La phonk, la vaporwave et la vaportrap sont des genres ultra-poreux dont les frontières ne cessent de se flouter pour se redéfinir un peu plus loin. Phénomène le plus en vue, la phonk elle-même fait penser à certains journalistes, comme Gavin Haynes du Guardian, que le genre est celui de la génération Z, celle des petits frères et sœurs nés après Google, pour qui la musique « de 1967 a toujours été aussi accessible que celle de 2017 » et qui consommerait la phonk avec « la fascination pour la nostalgie d’un passé encore récent« . Une génération qui n’a que faire des étiquettes et pour qui le flacon importe peu, tant que l’ivresse est là.

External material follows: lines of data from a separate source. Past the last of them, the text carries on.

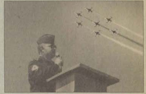
Türk Yıldızları İnönü Zaferi Kutlamalarında izleyicileri büyüledi.
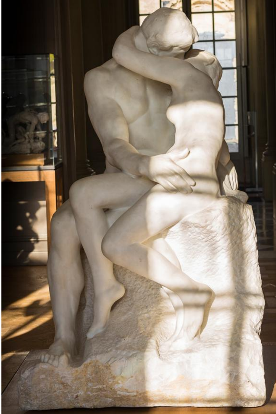
EL BESO. RODIN MARMOL 1898
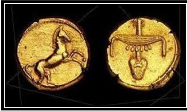
صورة رقم (6) ( http://www.coins4arab.Com )

عملة "جستيان الاول" من الذهب المصري 359_343 ق. م
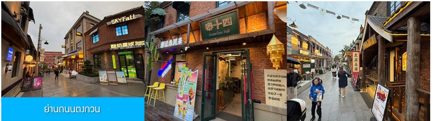
ย่านถนนตงกวน

นำท่านเที่ยวชม จัตุรัส星海 星海广场 เป็นจัตุรัสขนาดใหญ่เป็นแลนด์มาร์คสำคัญของเมืองต้าเหลียน สร้างขึ้นเพื่อเฉลิมฉลองในโอกาสที่รัฐบาลอังกฤษคืนเกาะฮ่องกงในให้จีนในปี ค.ศ. 1997 ตั้งอยู่ชายฝั่งทะเลในเมืองต้าเหลียน เป็นจัตุรัสใจกลางเมืองที่ใหญ่ที่สุดในโลกและเป็นแลนด์มาร์คของเมืองต้าเหลียน รายล้อมด้วยตึกระฟ้าที่ทันสมัย ภายในมีบ่อน้ำพุดนตรี ลานหญ้าขนาดใหญ่ และลานกว้างสำหรับจัดกิจกรรมกลางแจ้ง อาทิ เทศกาลเบียร์นานาชาติ การแข่งขันวิ่งมาราธอน งานแฟชั่นนานาชาติเมืองต้าเหลียน ฯลฯ
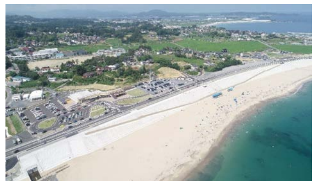
令和3年7月17日海水浴場オープン後の航空写真

大谷地区海岸の砂浜の再生をまちづくりの上位概念とし、地域の活動を通じて合意形成を図ることにより、防潮堤計画の見直しを進めることができた。また、治山海岸は保安林エリアより山側に海岸護岸施設を設置できない制約があるため、海岸の所管換を行うことで防潮堤を山側へ大きくセットバックし、砂浜面積2.8ha以上を確保することができた。このことにより、国道と背後地を嵩上げし、JR気仙沼線BRT大谷海岸駅を併設した道の駅を国道背後地に移転、国道の法面をベンチ状の防潮堤とすることで、海が見える景観を確保しつつ、法面自体も人が集える場所とし、親水性を高め、さらに海岸のどこにいても避難が可能な構造とすることが可能となった。
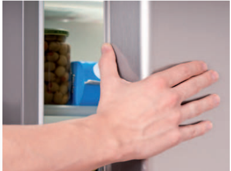
Die Haushaltsgerätehersteller bieten heute verschiedene Anti-Fingerprint-Lösungen an. Aber auch auf unbehandelten Oberflächen nimmt die Sichtbarkeit von Fingerabdrücken mit der Zeit ab.

Insbesondere in Regionen mit hartem Wasser sollten die Oberflächen anschließend trockengerieben und das Wischtuch nicht auf der Edelstahloberfläche abgelegt werden, um Kalkspuren zu vermeiden.
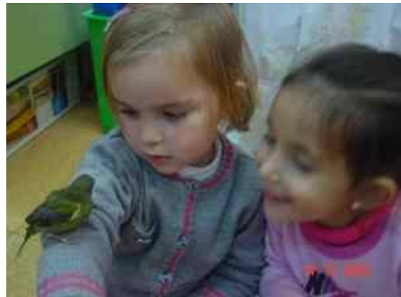
Observamos un gorrión
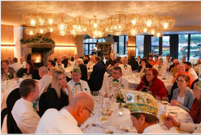
Na 3 jaar kon het FEN-feestbanket eindelijk opnieuw plaatsvinden. In 'Hof ten Bosse' (Heusden, Oost-Vlaanderen) werden we culinair, muzikaal en humoristisch in de watten gelegd.

Si l’analyse relève pas mal de l’attitude journalistique consistant à raccrocher chaque phénomène à une tendance bien identifiable, force est de constater que la phonk à la sauce vaportrap est produite et écoutée par une nouvelle génération qui se joue des codes du rap sombre. Pour en faire le délire critique et sentimental de gosses inondés par un capitalisme numérique triomphant ? Il ne manque en tout cas pas grand chose à ce qui reste encore un mouvement connu de seulement quelques initiés pour faire exploser son audience. En attendant, la vaportrap et les autres dérivés instrumentaux soft du rap continuent d’exercer leur pouvoir d’attraction sur un public qui a troqué le dancefloor contre un peu de réconfort.